Смольный, бабушкин институт благородных девиц, которых после семнадцатого года сменили мужланы, побившие рекорды низости, терпеть я не мог, хотя, конечно же, водили в младших классах на экскурсии. Особенно гадок перед входом исступленный Ленин с длиннющим указательным пальцем и позлащенной надписью вкруг постамента неуместно красивым шрифтом двадцатых годов: Диктатура пролетариата.
— По вопросу?
Лишившись дара речи от подобной наглости, гонец схватился за перила, ободранные в блокаду до железа, стоял и хлопал поросячьими ресницами.

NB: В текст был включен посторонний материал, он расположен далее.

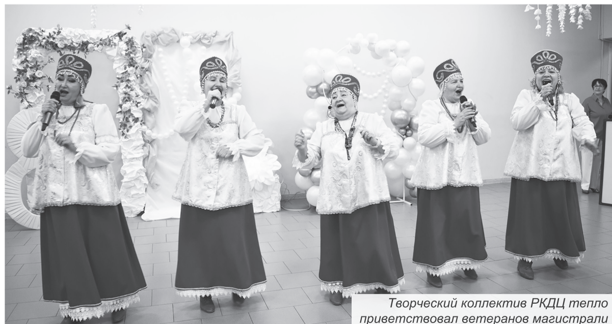
Творческий коллектив РКДЦ тепло приветствовал ветеранов магистрали
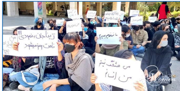
اعتراض دانشجویان در دانشگاه تهران

مهسا (ژینا) امینی ۲۲ ساله اهل سقز کردستان ایران برای دیدار با بستگانش در پایتخت به تهران سفر کرده بود. او روز ۲۲ شهریور با خشونت دستگیر شد. به گفته شاهدان عینی ماموران حکومتی او را در خودروی ون نیروی امنیتی و بازداشتگاه گشت ارشاد در خیابان وزرا مورد ضرب و شتم قرار دادند. تنها دو ساعت پس از دستگیری، او به کما رفت. به گفته پزشکان او دچار سکت قلبی و خونریزی مغزی شده بود. ضربات سنگینی که به سرش وارد شده بود منجر به شکستگی جمجمه شد و او سرانجام در روز ۲۵ شهریور ۱۴۰۱ جان خود را از دست داد. قتل وحشیانه مهسا امینی به دست گشت ارشاد خشم عموم مردم را در ایران و سراسر جهان برانگیخت. رئیس جمهور برگزیده شورای ملی مقاومت ایران، مریم رجوی، برای مهسا امینی اعلام عزای عمومی کرد و تأکید نمود که گشت ارشاد باید منحل شود. وی زنان غیرتمند ایران را به اعتراضات سراسری علیه رژیم پلید و زن ستیز آخوندی فراخواند. خانم رجوی تأکید کرد «ستم آخوندها و پاسداران جهل و جنایت، با ایستادگی و مقاومت زن ایرانی درهم خواهد شکست. با تمام قوا باید با این رژیم و گشت‌های سرکوبگر آن مقابله کرد».
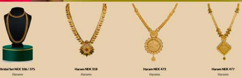
Bridal Set NEK 106 / 375 Harams Haram NEK 318 Harams Haram NEK 473 Harams Haram NEK 477 Harams
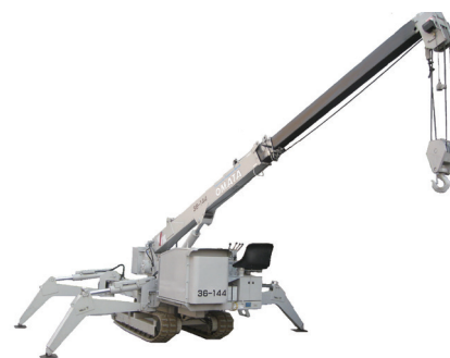
2.9t カニクレーン TC304
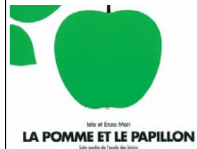
La pomme et le papillon, Iela et Enzo Mari, Paris, école des Loisirs, 1970
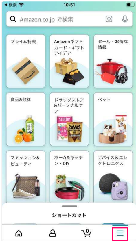
ログイン後の画面
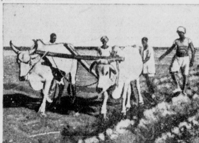
En plus de s'occuper des plantations de coton, les étudiants apprennent à cultiver toutes sortes de produits sur les fermes de la plaine de la Djezireh.

Les projets d'élevage déclarés en décembre 1951 indiquent que le nombre de cochonnages au printemps sera d'environ 22 p. 100 supérieure à celui de 1951 avec des augmentations proportionnelles analogues pour l'Est et l'Ouest.
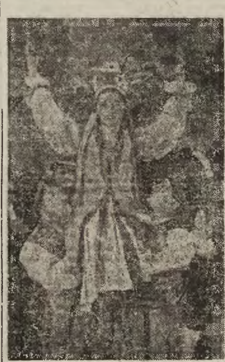
W TYM ROKU POSŁUGUJ CIB

Zeznania te należy złożyć u lekarza weterynarii w Wilnie (W. Pohulanka 24, II piętro, pokój nr 12) w godzinach od 8 do 14 i pół.
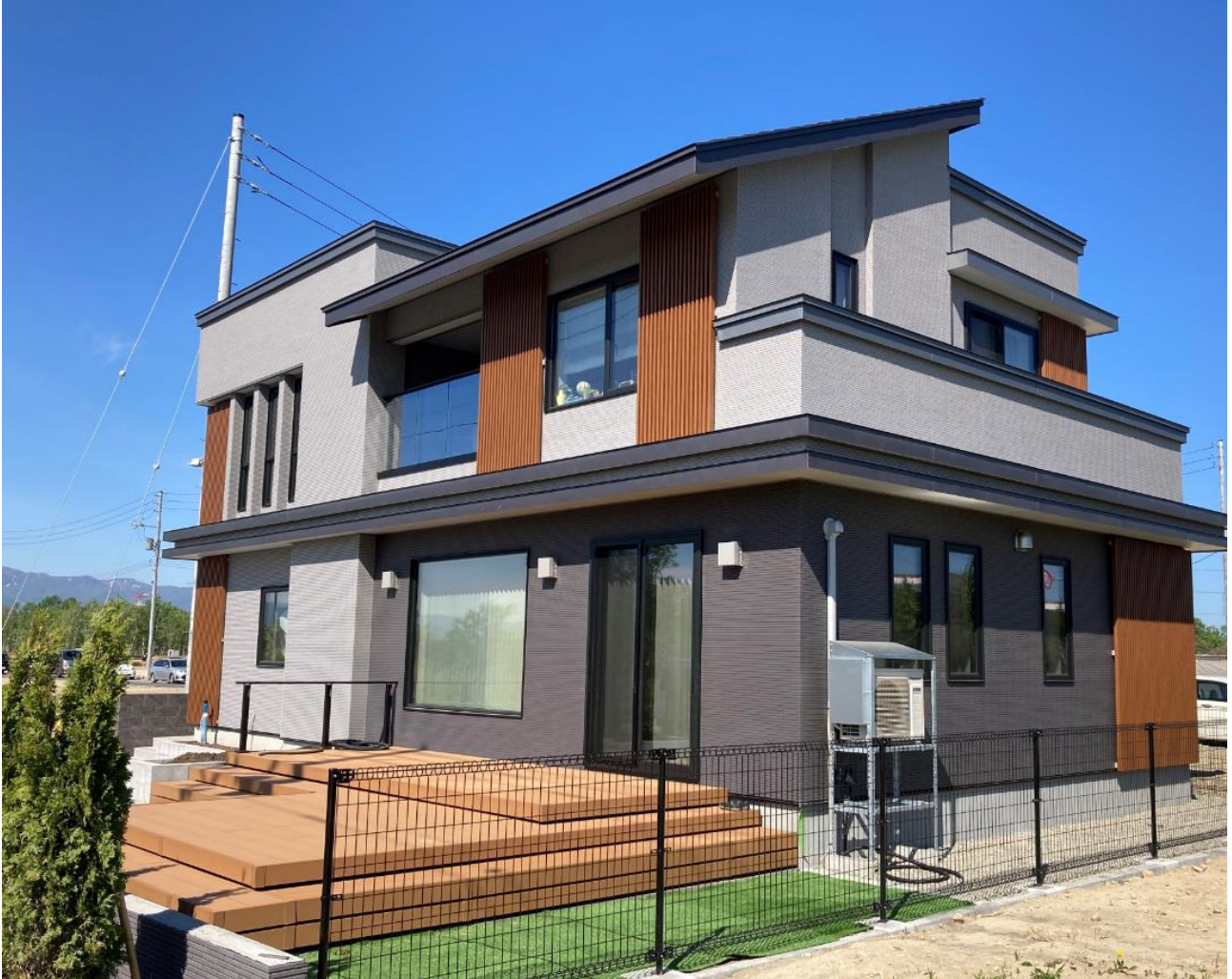
▲住友不動産のモデルハウス(本プロジェクト内に竣工)

本プロジェクト 280 区画中、159 区画は住友不動産の条件付土地の販売を予定しています。グッドデザイン賞を多数受賞するデザイン、ハイグレードな住宅設備、高級感あふれる室内装とともに、地震に強い技術を備えた高品質かつ高性能な注文住宅です。

Насладившись, я опустил клювастый крюк, который держал в руке, и вышел. Витражи с узорами «прекрасной эпохи», которые чудом сохранились в верхней части окна, лили закатный бальзам на нашу часть лестницы — часть неприглядную, облупленную и загаженную. Внизу, где начиналась мраморная лестница в бельэтаж, шаги зазвучали гулко. Здесь в нишах белели статуи, на безволосом лобке Психеи виднелся след биссектрисы, нанесенный фломастером — западной новинкой, которую теперь клянчят у финских туристов, как раньше чуингам (который продолжают клянчить тоже). Дверь в апартаменты была открыта, слышались одинокие шаги и голос, говорящий с кем-то по телефону таким почтительным тоном, который я от нашего жильца не слышал. К нам на лестницу доносились обрывки фраз на тему падения в Москве какого-то Владимира Ефимовича, который упустил Светлану, о новой метле Юрии Владимировиче, необязательно железной, но с идеями, требующими совещания при полном кворуме…
Конфиденциальность информации была очевидна и шоферу, в ответ на бдительные взгляды которого я деланно позёвывал, облокотясь на постамент мраморного ангелочка, сидящего тут с арфой: Италия, начало XVIII века. Наконец, отдуваясь, вышел краснорожий толстяк лет пятидесяти, вместо приветствия полушутливо посоветовал подстричься:
— А то смотри, закрутим гайки, обратно попадешь в милицию… Я молчал, сопротивляясь потребности поправить прядь, упавшую на глаз.
— Ну что, брат, как там? — сменил он тон. Я повел плечом.
— Sic transit, значит… А насчет больницы?
— Ни в какую.
— А то я мог бы, знаешь ли, распорядиться… — Я не ответил, и он возобновил: — Да! Так я, значит, вот по какому поводу: убываю сейчас на Финский залив к семейству малость отдохнуть до понедельника. Хотелось бы решить до этого вопрос… С картинкой?
— Какой?
— Что в зале у меня висит. Собственность Екатерины Александровны. Не знаешь, как распорядилась, нет?
— Не знаю.
— Сколько раз я предлагал, ну, не хотите Эрмитажу, давайте выкуплю я… То есть, неизвестна пока воля? Ладно, потом обговорим. Я вот что еще… Спускай давай-ка бабушку ко мне. — Левая бровь моя недоуменно выгнулась.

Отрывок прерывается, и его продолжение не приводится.